If you want to try to trap them you'll want to use Lemon Grass Oil as the Lure not honey. There is a ton of information about setting up Swarm Traps just do a search for swarm traps and you'll have a ton of stuff to read. I haven't had any luck catching a swarm yet though  

Usually when they swarm they don't go that far from the originating hive and they'll stay there for a while. I wrote up a little article for our local beekeeping club about catching a swarm it may help you out.

http://cookevillebeekeepers.com/03/how-to-catch-a-honey-bee-swarm

You might also look into trapping out the hive from your neighbors house, Cleo has some great information on a method to do that.


----------



## Charlie B (May 20, 2011)

Here's a video of some dude catching a swarm from his own hive.
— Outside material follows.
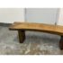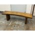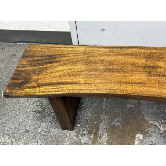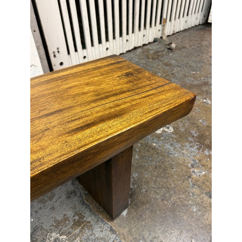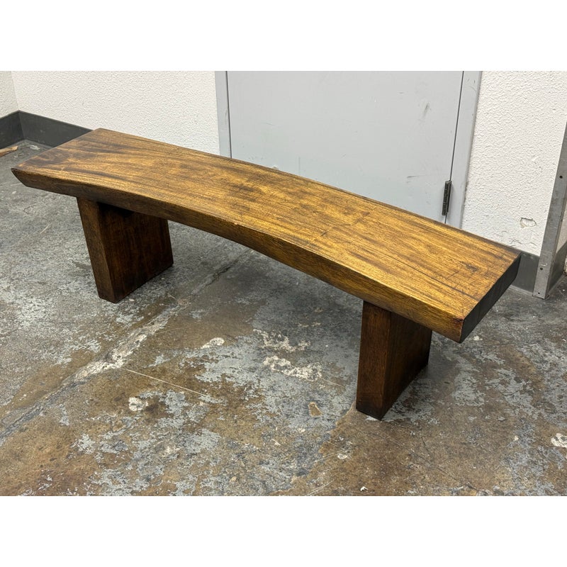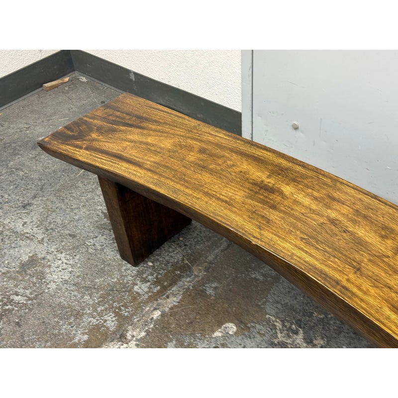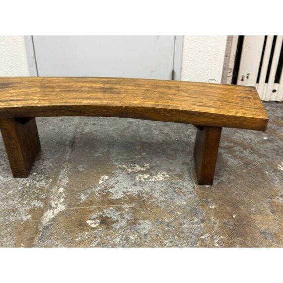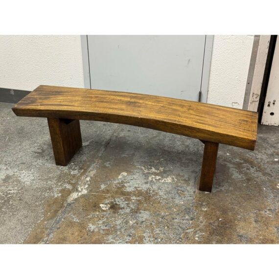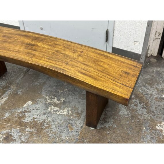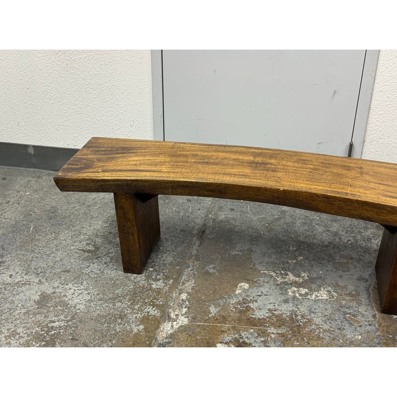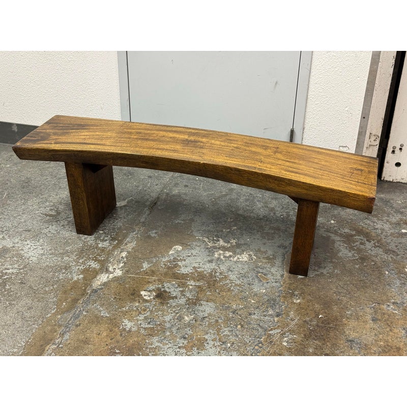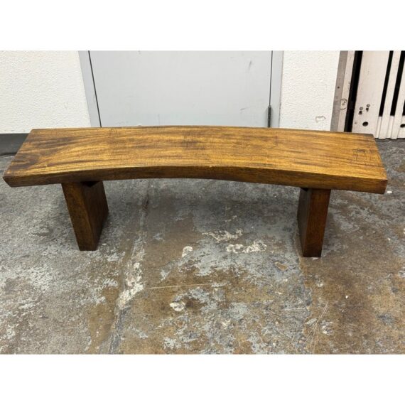Design Plus Gallery presents a Sculptural Solid Wood Bench. It has a gently bowed top and substantial plank legs. The elongated silhouette is defined by organic wood grain, tonal variation, and a hand worked character that gives the piece a distinct presence. The thick seat and angular supports create a bold profile, while the natural markings and visible grain movement add depth and texture throughout. It is in good condition with visible scratches and minimal wear from usage.
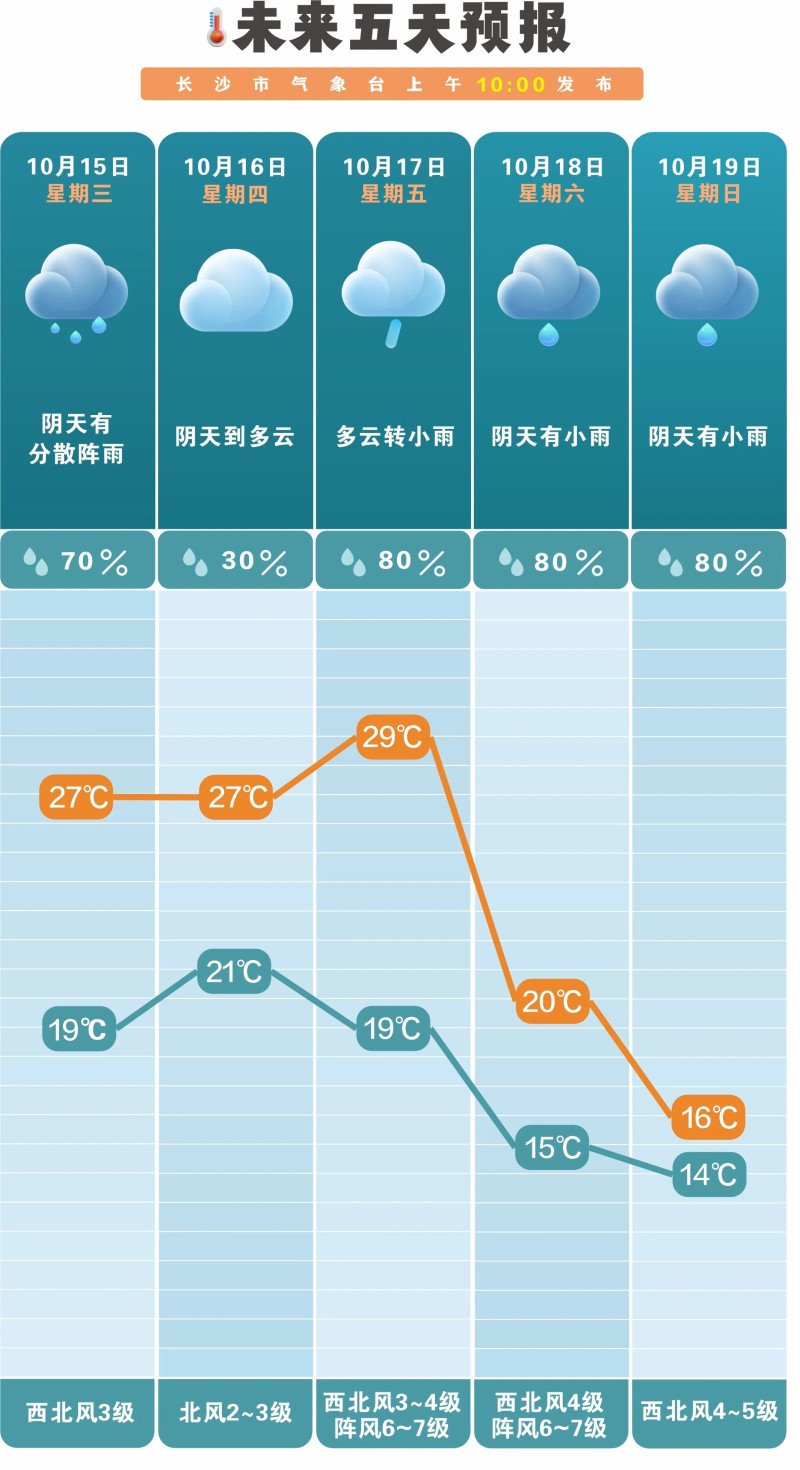 凉风起秋意浓,长沙的天气舞台也被“阴雨”强势接管!据长沙市气象台预计,长沙市民要暂时跟阳光说“拜拜”,迎接的是湿漉漉的天气“套餐”。具体来看,15日 “分散阵雨”模式,降水概率高达70%,出门不带伞,分分钟变“潮人”;16日虽然雨势稍缓,转为阴天到多云,但天空依旧“表情沉重”,偶尔或有零星小雨来刷“存在感”;真正的“降雨大戏”在后头,17日长沙多云转小雨,降水概率飙上80%,妥妥的“泡汤模式”,但气温有所回升,最高气温升至29℃。

This will give you any idea. When they do swarm, they will probably go up in a tree on the property or close to it. Easy peasy lemon squeezy! :thumbsup:

http://www.youtube.com/watch?v=5p_pwIPrGL4


----------



## Smarsh7903 (Jun 26, 2011)

Thanks for the advice everyone, I think I'm ready to catch some bees. Only one more question: I have no foundations, but ordered some yesterday. They will be here Friday or Saturday. What should I do regarding this? Should I trap them in my super with my foundationless frames or put them in another box? I'm going to try to borrow someone else's frames/foundations, but there is no guarantee I will get them.


----------



## Keth Comollo (Nov 4, 2011)

You should follow Cleos advice and set up a Swarm Harvester. Ask him for instructions!


----------



## quevernick (Feb 22, 2011)

The only thing I use is foundationless. Make sure that you have a guide of some sort if you do put them in there as foundationless frames.


----------



## Cleo C. Hogan Jr (Feb 27, 2010)

Smasrh7903.. If the lady will let you, do a trapout, not just sitting out swarm boxes. Swarm boxes are GREAT, but they are hit and miss. The trapout is a sure thing to get you starts. 

Use the cone funnel method or the Swarm Harvester method. Tons of info on beesource on both methods. E-mail me and l will send you the info and photos of trapouts in progress.

[email protected]

cchoganjr


----------



## Smarsh7903 (Jun 26, 2011)

Here is a picture of the bees. Yesterday evening there was more, but this is what they were doing. I think I may have been overly excited. Is it possible that they were just hot and cooling off? Is it possible for me to still catch them using a trap out? Thanks


----------



## Cleo C. Hogan Jr (Feb 27, 2010)

You can catch them all summer long using a trap out. Possibly three or four starts. More difficult to get the queen in buildings because you typically don't get the trap close enough to the feral brood nest. 

Here you will likely want to make a stand (look like a ladder) using 2X4 or 4X4 and set the trap on top of it.

cchoganjr


----------